筆箱を取り返そうと追いかけるが、今にも泣きそうだ。
「泣け泣け~!」
誰も止める気配がない。
「何やってんの?」
そんな中、そのいじめの中心人物に僕は話し掛けた。
「なんだよ?
お前は」
「いや~、ただの通りすがりの者です」
「こいつは、隣りのクラスで有名な【うわのそら】ですよ」
スネ○らしき(手下)人物が、ジャイ○ンらしき(親分)人物に耳打ちする。
恋は、救いを求めるような目でこちらを見る。
「お前が噂の…。
杉崎の代わりに取り返してみるか?」
「いやいや、面白い遊びを考えるなぁって、感心してしまって」
ゴッ!
「イッテ~な。何すんだよ?」
恋は、無言で僕を殴った。
そして、涙目で僕を睨む。
「こうゆう奴なんですよ。
だから、お仲間に入れて下さい」
「そうかそうか」
遊びを褒められたのが嬉しかったのか、まんざらでもない顔のジャイ○ン。
「ぜひ、仲間に入れて下さい!
ジャイ…いや、ボス」
周りからは、僕への非難の声が小声で囁かれ始める。
「俺をそこらのヒーローだと思うたか~!
ワッハッハ~」
もはや、完全なヒールにまわった。
「気に入った!
ほらよ」
ジャイ○ンは、気分よく僕の方に筆箱を投げた。
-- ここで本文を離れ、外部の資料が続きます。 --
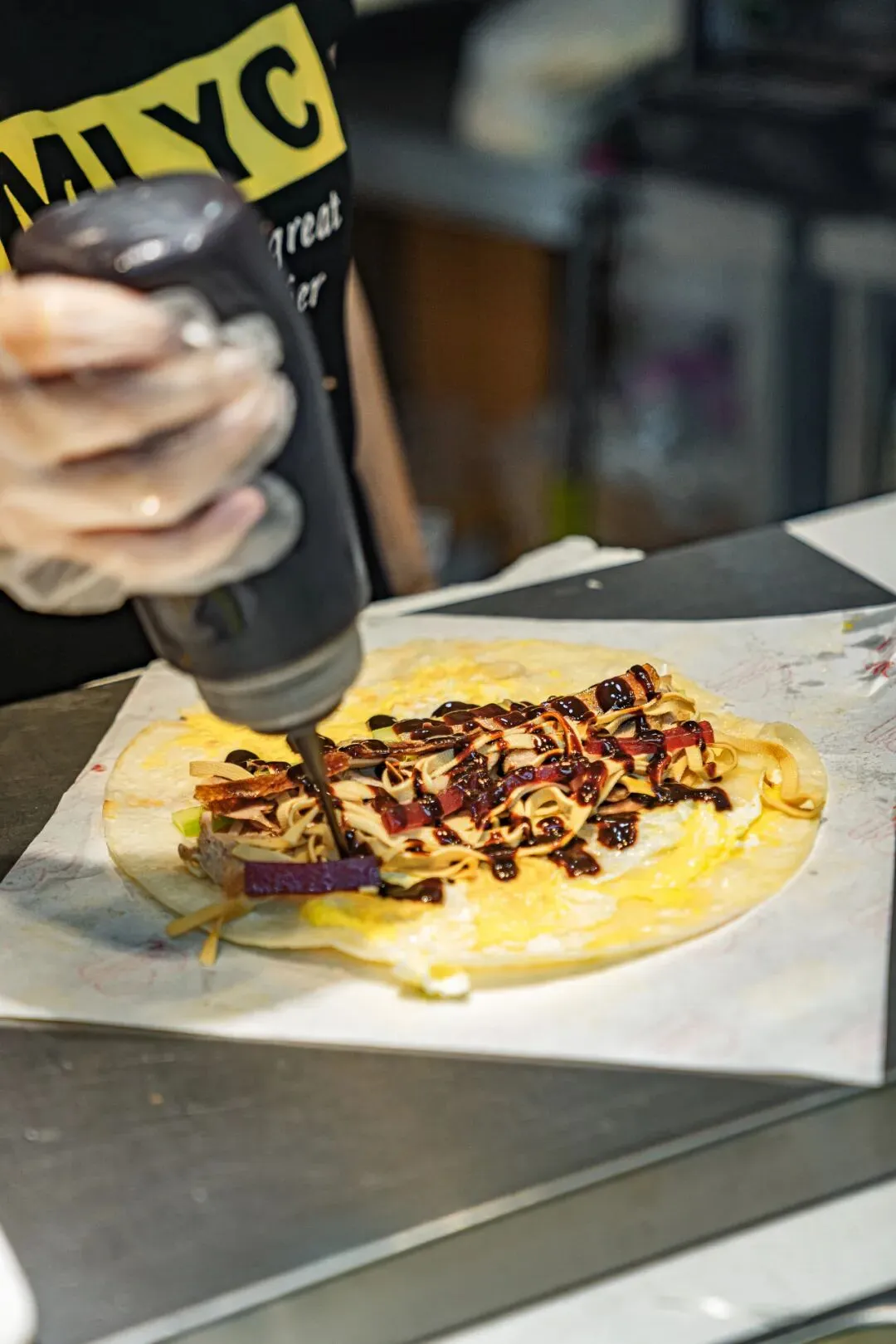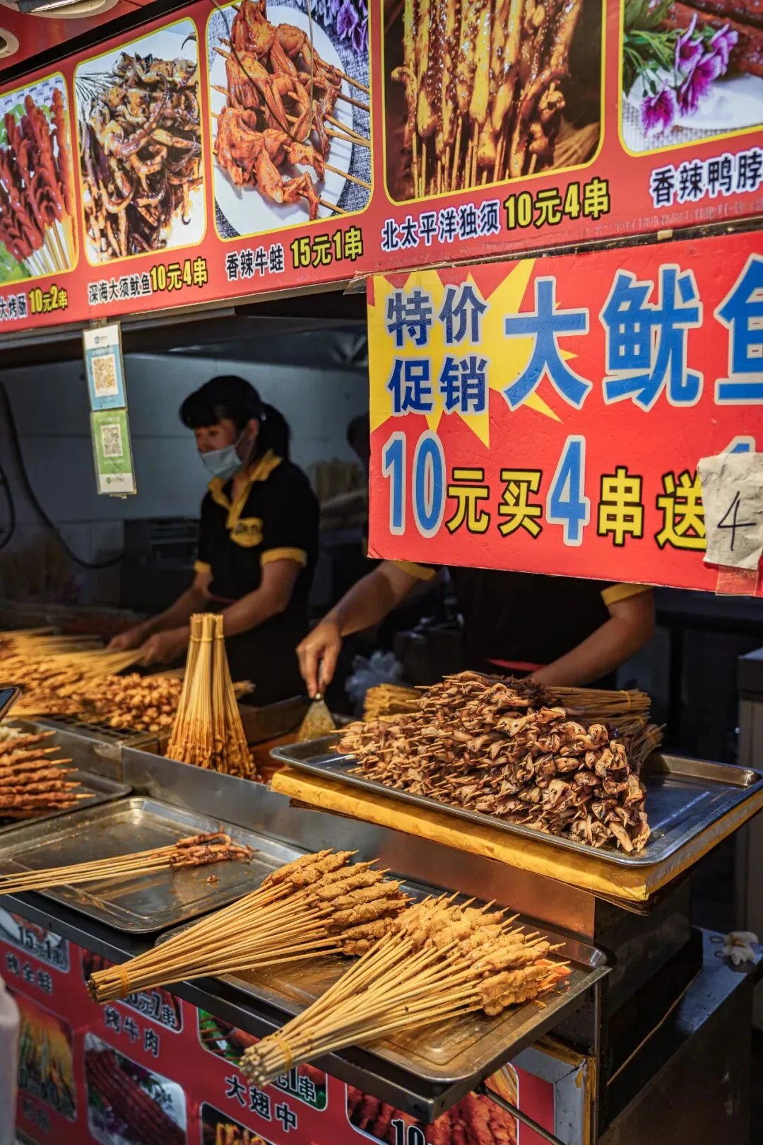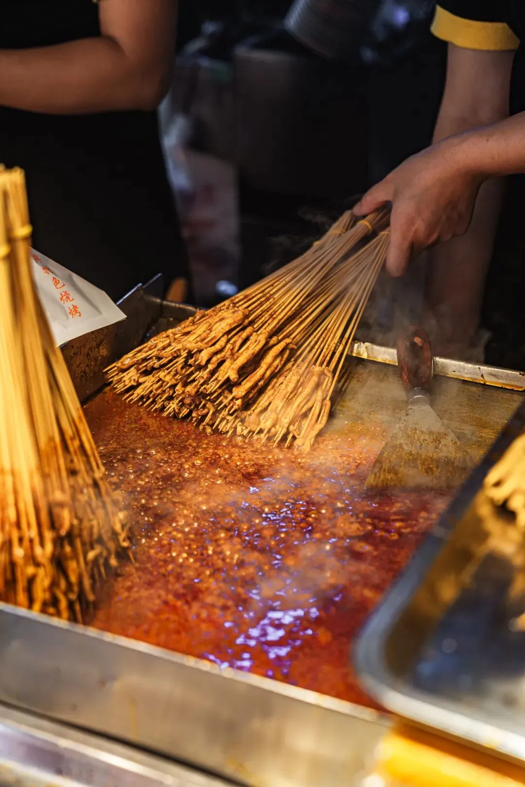 武汉的生煎包吃个皮厚馅小,吃的就是底下那层焦香。 小路易当年的到来一改武汉人对生煎的认知,原来“汤包”煎着吃也挺不错。带汤、皮薄、陷大,包子褶这面煎至焦黄,4个一份,份量刚好。 猪蹄这种东西,放在年夜饭的餐桌上都是硬菜,在小吃街吃合适吗?放心,绝对合适。 天然中草药秘制配方,满满都是胶原蛋白,不觉油腻。猪蹄烤至焦香脱骨,一扯就能扯下来,女孩子街边啃猪蹄也啃得优雅。 谁说芝麻糊只属于冬天,鞠氏的冰镇芝麻糊绝对是你夏天期待的古早味。专营芝麻糊当然有过人之处,不同于冲泡出来的,鞠氏芝麻糊磨得细腻,入口顺滑,甜而不腻。 水塔美食街迎合武汉人的重口味,几乎家家都重油重盐,姊妹肠粉恰如其分中和了口味的偏差值。 上十种可供选择,最贵不过21元,梦回广州。地不地道见仁见智,暂时一解对广州美食的馋绰绰有余。有趣的是,肠粉也躲不过武汉人重口味的习性,老板装盘后习惯性会问:加不加辣。 从最早的工艺大楼天桥下到现在水塔美食街路口,吴太大不同分店不少,但还是这家最地道。 将近二十年没有变过的风格、味道、人员配置。从只卖鱿鱼,到如今上十种串,铁板还是那个铁板,阿姨手中拿的还是那把三角小铁锹。 羊腰带羊油,选料肥瘦搭配刚好,膻味正。老板烤得认真,一串腰子该嫩的位置嫩,该焦的位置焦。 焦香与孜然香混合,顺带一口羊油爆浆的惊喜,如果喜欢吃羊一定不能错过。 水塔美食街做冰粉的不少,但一定要选一家的话不妨往里头走走,拐个弯选择苹果妹。 手工冰粉每日现做,除了传统红糖糍粑冰粉的各种衍生,苹果妹还玩出了很多新式冰粉。加入榴莲果泥、加入八喜冰淇淋、加入阿华田,每一款都有惊喜。 卤肉卷吃腻了,换个烤鸭卷plus吃吃看。这家专卖北京烤鸭的店,除了烤鸭同时贩卖烤鸭周边。 刚刚烤好片下来的鸭肉和烤鸭皮,再加入生菜黄瓜等辅料,铺上满满正宗京味甜面酱,北京人都没吃过的北京味诞生了。 小吃街怎么能少了炸鸡,从普通小店到如今火出圈,5路汉堡炸鸡当然是水塔美食街的头号炸鸡选手。 招牌酱炸鸡现点先做,拿到手里热腾腾的,酱料又辣又甜用量恰好,既保留炸鸡原本的酥香,也不失酱料的特别。就着冰啤酒一起,夏天的幸福不过如此。 水塔美食街不提敖四烧烤,那是会被武汉吃货们群体diss的。 “5元/个烤土鸡腿”的宣传语,以及被油烟熏得不那么亮堂的招牌是敖四烧烤的标志,透明烤炉里永远上演着“旋转土鸡腿”的梦幻戏码。 图片|阿颜 设计|套娃、JUNONE 出品|武汉爱黑马文化传媒

僕は筆箱を受け取ると、泣いてる恋にそれを渡した。
「ちゃんと持ってろよ」
「…バカ」
恋は、僕を睨んでビンタを食らわし、走り去っていった。
「なんで?」
頬を手にあて、頭の中では、疑問がコダマする。
良い事したはずなんだけどな…。
僕は頭を掻いた。
「お前何やってんだよ!
せっかく、盛り上がってきたとこなのによ」
相当、ご立腹のジャイ○ン。
「すみません。
視力悪いんで人の判別が…」
「ふざけやがって!」
僕の言葉は焼け石に水。
もしくは、火に油を注ぐ。
この後、どうなったかご想像にお任せします。